__Records shown__.
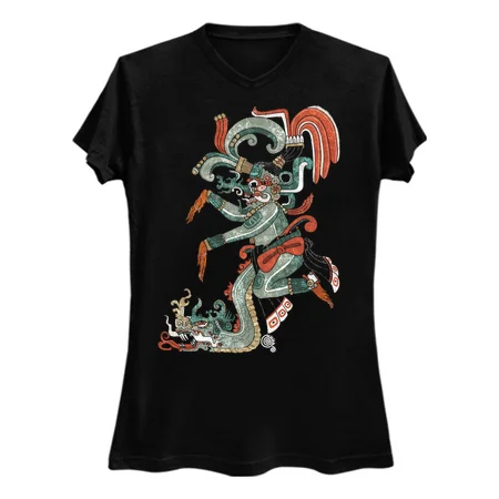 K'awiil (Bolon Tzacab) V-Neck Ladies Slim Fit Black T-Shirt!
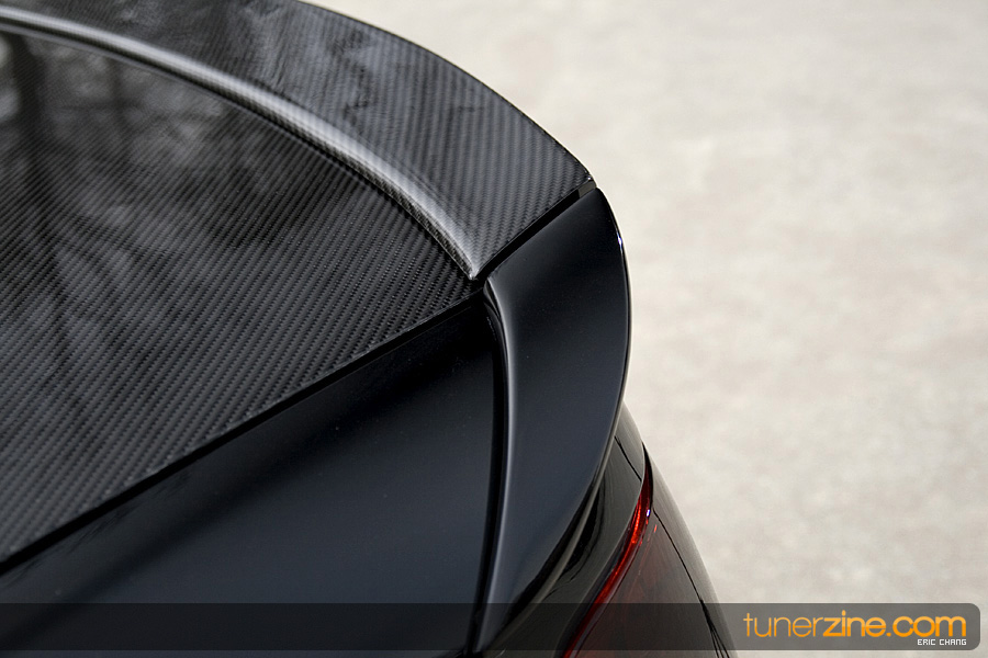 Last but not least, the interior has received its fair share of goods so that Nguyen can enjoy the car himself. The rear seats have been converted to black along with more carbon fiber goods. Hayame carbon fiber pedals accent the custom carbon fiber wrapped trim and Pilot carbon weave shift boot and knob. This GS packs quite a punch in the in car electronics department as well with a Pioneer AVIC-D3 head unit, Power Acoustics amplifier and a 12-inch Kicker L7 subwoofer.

==

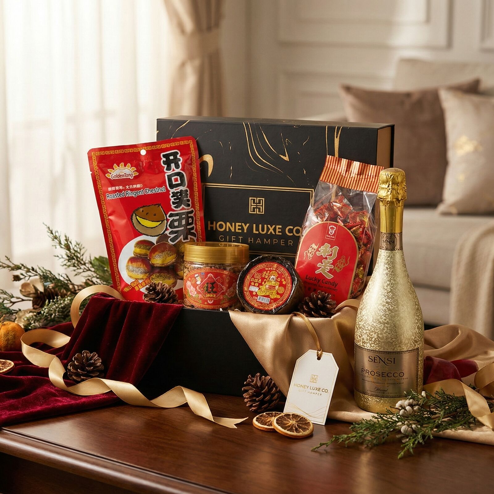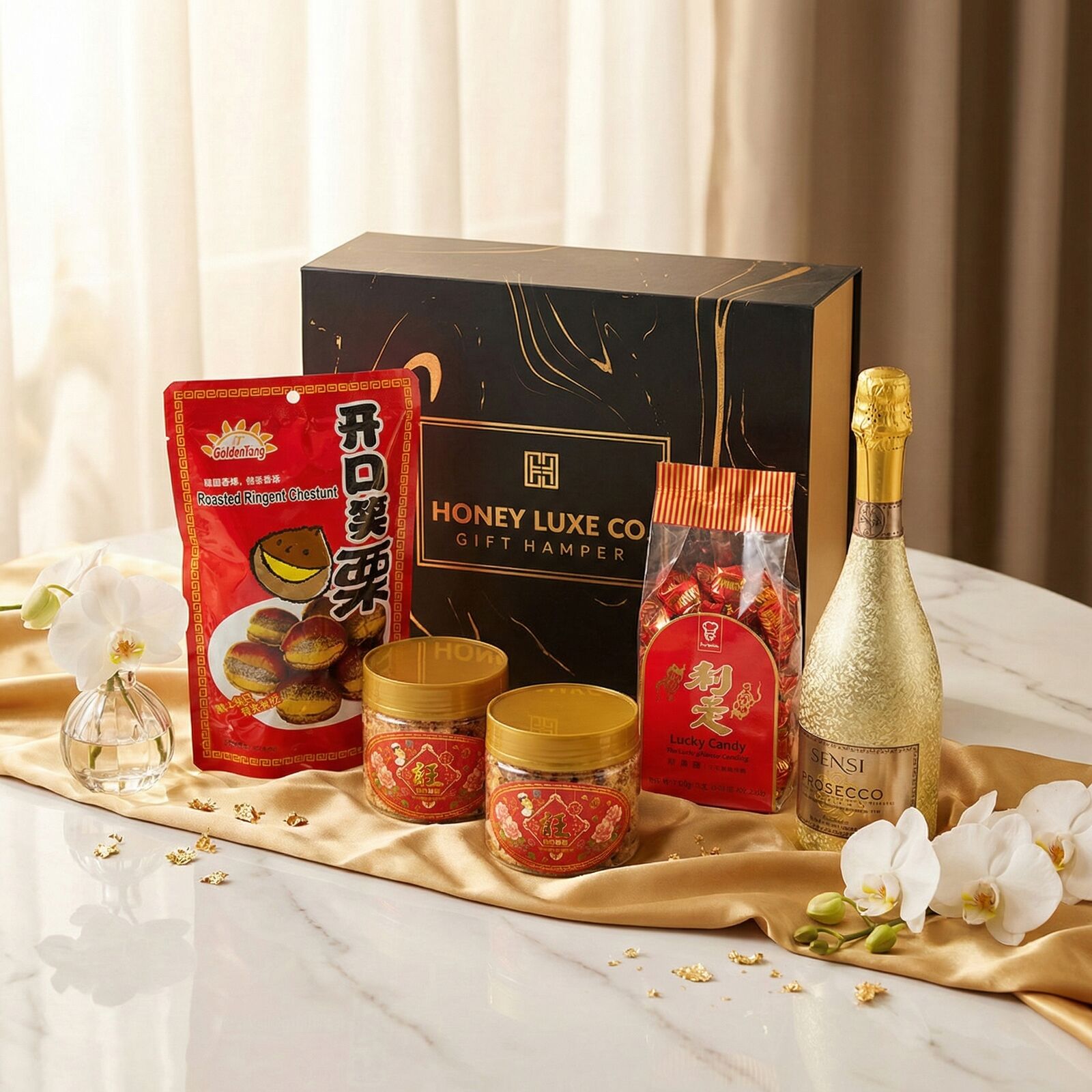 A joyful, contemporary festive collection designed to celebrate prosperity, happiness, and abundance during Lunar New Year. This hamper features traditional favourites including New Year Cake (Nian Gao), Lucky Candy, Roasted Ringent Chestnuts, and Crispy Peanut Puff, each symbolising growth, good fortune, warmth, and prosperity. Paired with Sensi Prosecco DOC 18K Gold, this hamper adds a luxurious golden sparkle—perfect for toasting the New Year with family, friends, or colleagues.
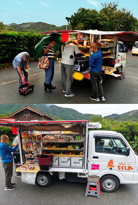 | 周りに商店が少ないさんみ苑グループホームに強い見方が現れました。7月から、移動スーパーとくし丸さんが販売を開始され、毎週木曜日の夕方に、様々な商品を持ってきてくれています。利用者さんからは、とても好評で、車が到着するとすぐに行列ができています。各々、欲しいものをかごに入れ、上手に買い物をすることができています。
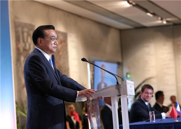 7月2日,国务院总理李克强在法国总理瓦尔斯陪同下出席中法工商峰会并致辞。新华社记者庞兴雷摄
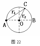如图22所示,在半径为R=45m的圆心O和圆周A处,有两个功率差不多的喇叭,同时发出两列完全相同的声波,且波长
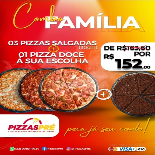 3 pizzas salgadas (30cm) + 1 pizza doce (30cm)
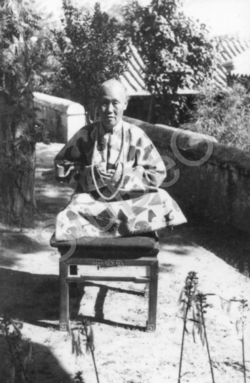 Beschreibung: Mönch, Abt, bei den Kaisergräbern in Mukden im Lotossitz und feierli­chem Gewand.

__Description of the task__. Transcribe only the lines above that start at the line containing "K'awiil (Bolon Tzacab)" and end at the line containing "Last but not". Omit pictures.

__Written solution__.
 K'awiil (Bolon Tzacab) V-Neck Ladies Slim Fit Black T-Shirt!
 Last but not least, the interior has received its fair share of goods so that Nguyen can enjoy the car himself. The rear seats have been converted to black along with more carbon fiber goods. Hayame carbon fiber pedals accent the custom carbon fiber wrapped trim and Pilot carbon weave shift boot and knob. This GS packs quite a punch in the in car electronics department as well with a Pioneer AVIC-D3 head unit, Power Acoustics amplifier and a 12-inch Kicker L7 subwoofer.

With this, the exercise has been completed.